There’s a subtlety in this process, because you must balance user convenience and security. If the user just types in their bank information and requests validation, a typo could require them to retry the process, which, for honest customers, means that rate limiting needs to be fairly lax. So, you should consider ways of reducing error when entering bank details in order to keep the rate limiting strict without losing customers who just can’t type. One way to do this is to ask them to enter the bank info twice, and only proceed if the entries match. That works, but it’s more work and lazy people might give up, which means losing a good customer. Perhaps a better way to do it, legal issues aside, is to ask the customer to upload a photo of a voided check. The system would recognize the printed bank info, then display it for the customer to confirm, thereby virtually eliminating any chance for errors.
But what if, after using this system for years, somebody discovers a series of successful attacks? Perhaps patient thieves waited out the rate limiting, and it turns out that the 1-in-99 odds of guessing right aren’t enough to stop them. All other things being equal, PayPal could raise the dollar amount of the “free money” deposit to a maximum of $3 or $5 or more, but at some point (probably an actuary could tell you the exact break-even point), the monetary cost of deposits is going to exceed the value of new customer acquisition.
In that case, the company would have to consider an entirely different approach. Here’s one idea, and I invite readers to invent others: new customer setup could be handled via video by a live customer support agent. Simply having to face a real person is going to intimidate a lot of attackers in the first place.
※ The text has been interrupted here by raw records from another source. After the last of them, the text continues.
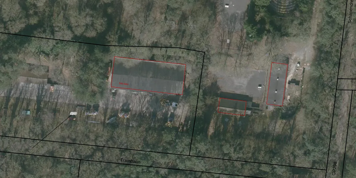 Het perceel waarop Trambaan 54-m staat heeft een oppervlakte van 1,6 ha. Dit is een zeer groot perceel. De perceeloppervlakte wordt geregistreerd door het Kadaster. Gedetailleerde informatie over de maten van dit perceel kunt u vinden in het rapport Kadastrale kaart met maatvoering van Trambaan 54-m.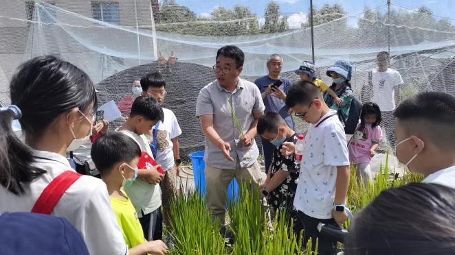 在盆栽实验场,沙汉景博士详细讲解了水稻植株的结构和不同生长时期的特性,带领同学们认识了不同发育时期水稻植株的生长特性;王乐博士向同学们展示了不同品种大豆植株的生长性状,介绍了野生大豆与常规大豆的区别,并认真观察了开花期的大豆植株特征。同学们通过近距接触农作物,了解东北主要农作物的生长史,切身体会到了日常食用的稻米和豆制品的来之不易,并表示今后会更加爱惜粮食,减少浪费,从我做起。此次活动得到了参与家庭的一致好评。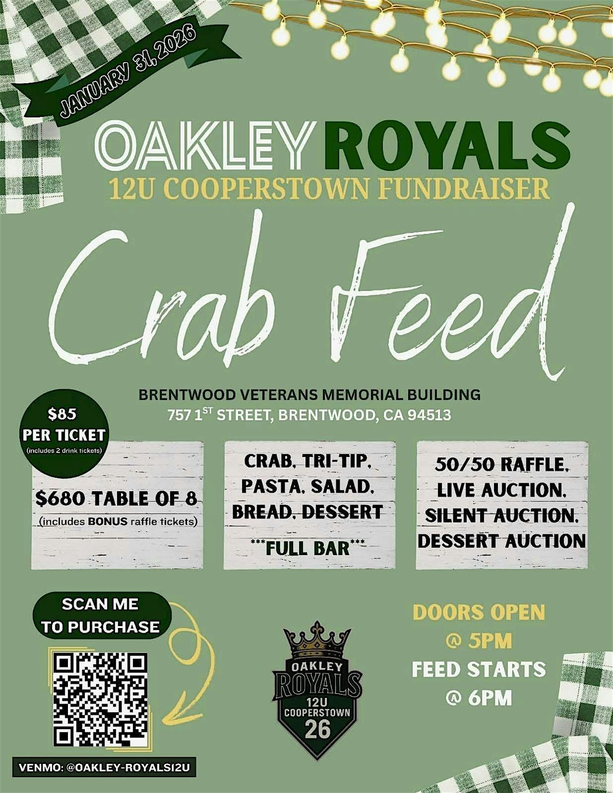Get ready for a fun-filled in-person evening packed with delicious crab and great company. Help support the Oakley Royals 12U Baseball team go to Cooperstown this summer! Whether you're a seafood lover or just looking for a good time, this event is the perfect way to enjoy fresh crab, meet friends, and make new memories. Don’t miss out on the chance to dive into a tasty feast and have a blast!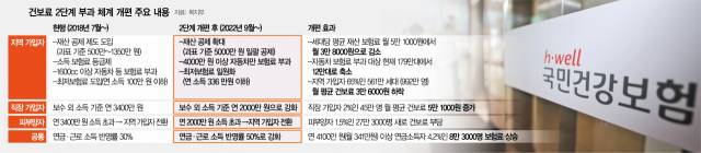 지역 가입자의 보험료 부담은 줄게 됐지만 일부 직장 가입자의 건보료는 증가할 것으로 예상된다. 지금은 임대, 이자·배당, 사업소득 등 월급 외 소득이 3400만 원을 초과하는 경우에만 월급 외 소득에 대해 보험료를 부과한다. 하지만 9월부터는 2000만 원을 초과하면 그 초과분에 보험료를 부과하기 때문이다. 이에 따라 전체 직장 가입자의 약 2%인 45만 명의 건보료가 33만 8000원에서 38만 9000원으로 5만 1000원 인상될 것이라는 게 복지부의 추산이다.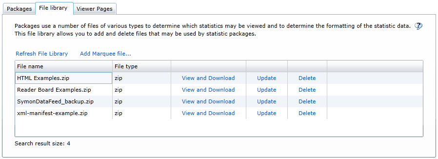 The File Library tab displays all the XSL File sets that currently exist in your Marquee installation. This includes the examples that came with Marquee and any files that you have created. An XSL File set consists of files that are used to define the display of the statistics on the various output devices that Marquee supports. As you can see, the XSL File sets are stored in .zip archive files. You will also notice that the File Library tab provides access to several file management commands that you can use to manipulate these files.

The agent could ask to see a bank statement or similar evidence and authorize on the spot. (Please note: this is a simplified example, not an actual business suggestion.)
The assets you choose to prioritize should probably include data, such as customer resources, personal information, business documents, operational logs, and software internals, to name just a few possibilities. Prioritizing protection of data assets considers many factors, including information security (the C-I-A triad discussed in Chapter 1), because the harms of leaking, modification, and destruction of data may differ greatly. Information leaks, including partial disclosures of information (for example, the last four digits of a credit card number), are tricky to evaluate, because you must consider what an attacker could do with the information. Analysis becomes harder still when an attacker could join multiple shards of information into an approximation of the complete dataset.
If you lump assets together, you can simplify the analysis considerably, but beware of losing resolution in the process. For example, if you administer several of your databases together, grant access similarly, use them for data that originates from similar sources, and store them in the same location, treating them as one makes good sense. However, if any of these factors differ significantly, you would have sufficient reason to handle them separately. Make sure to consider those distinctions in your risk analysis, as well as for mitigation purposes.
Finally, always consider the value of assets from the perspectives of all parties involved. For instance, social media services manage all kinds of data: internal company plans, advertising data, and customer data. The value of each of these assets differs depending on if you are the company’s CEO, an advertiser, a customer, or perhaps an attacker seeking financial gain or pursuing a political agenda. In fact, even among customers you’ll likely find great differences in how they perceive the importance of privacy in their communications, or the value they place on their data. Good data stewardship principles suggest that your protection of customer and partner data should arguably exceed that of the company’s own proprietary data (and I have heard of company executives actually stating this as policy).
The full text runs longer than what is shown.